Author: Robert Hyatt

Date: 21:18:36 07/10/02

Go up one level in this thread


On July 10, 2002 at 12:53:11, Joshua Lee wrote:

>On July 09, 2002 at 13:28:54, Robert Hyatt wrote:
>
>>It doesn't...  For example, the C90 had a 2 nanosecond clock.  The cpu
>>could read two 64 bit words and write one 64 bit word per clock cycle,
>>per cpu.  With 16 cpus, that is 16 * 24 * 500000000 bytes per second
>>and that can be _sustained_ forever.
>>
>>Compare that to any PC you want and you see why (a) the supercomputers are
>>so expensive and (b) why the micros have absolutely no chance at catching
>>them in terms of speed.
>>
>192,000,000,000 bytes per second
>That's over 178 Gigabytes a second. Is Bandwidth refered to in this way or how
>fast the memory can communicate with the cpu or both? In Athlon's it's has a 2.1
>GB/Sec bus it can execute a multiply and add on every clock cycle which gives it
>a peak throughput of 3.2 gigaflops.
>


I don't see any way a 2.1 gigabyte per second memory bandwidth can translate
into 3.2 gigaflops.  A flop requires accessing two operands, doing something
to them, and putting the result back...  IE a flop == 12 bytes of memory
traffic (cache doesn't count because big applications and arrays don't fit
into cache).  That translates into maybe 100 gigaflops as a more realistic
number...  And I don't believe any PC has a prayer of coming within a factor
of 10 of that number in reality.






>So i don't get confused are they talking about three different things here if so
>please explain.

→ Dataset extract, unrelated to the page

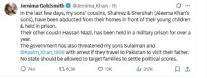رپورٹ کے مطابق جمائمہ گولڈ اسمتھ نے سوشل میڈیا سائٹ ایکس (سابق ٹوئٹر) پر اپنی ایک پوسٹ میں کہا ہے کہ گذشتہ دنوں میں میرے بیٹوں کے کزن شہریز اور شیرشاہ (علیمہ خان کے بیٹے) کو ان کے چھوٹے بچوں کے سامنے ان کے گھروں سے اغوا کر کے جیل میں بند کر دیا گیا ہے۔

How much does each one correspond to performance increase?
>and how is it supposed to do anything for a program to run faster when alot of
>problems exist anyways wasted cycles inefficient code etc... I am getting ahead
>of myself let me keep it simple.
>
>If i went from SDR to DDR and going from 100MHZ (800MB a sec )
>(PC133 1064MB)  to (DDR 200MHZ 1600MB) which would be twice as fast as the PC100
>  DDR266  2128MB again twice as fast as PC133 and so on   but what does this
>mean for the program searching for the moves?


It depends on more than bandwidth.  DDR has a _higher_ latency than the good
old SDRAM.  That means that a random byte read takes _longer_.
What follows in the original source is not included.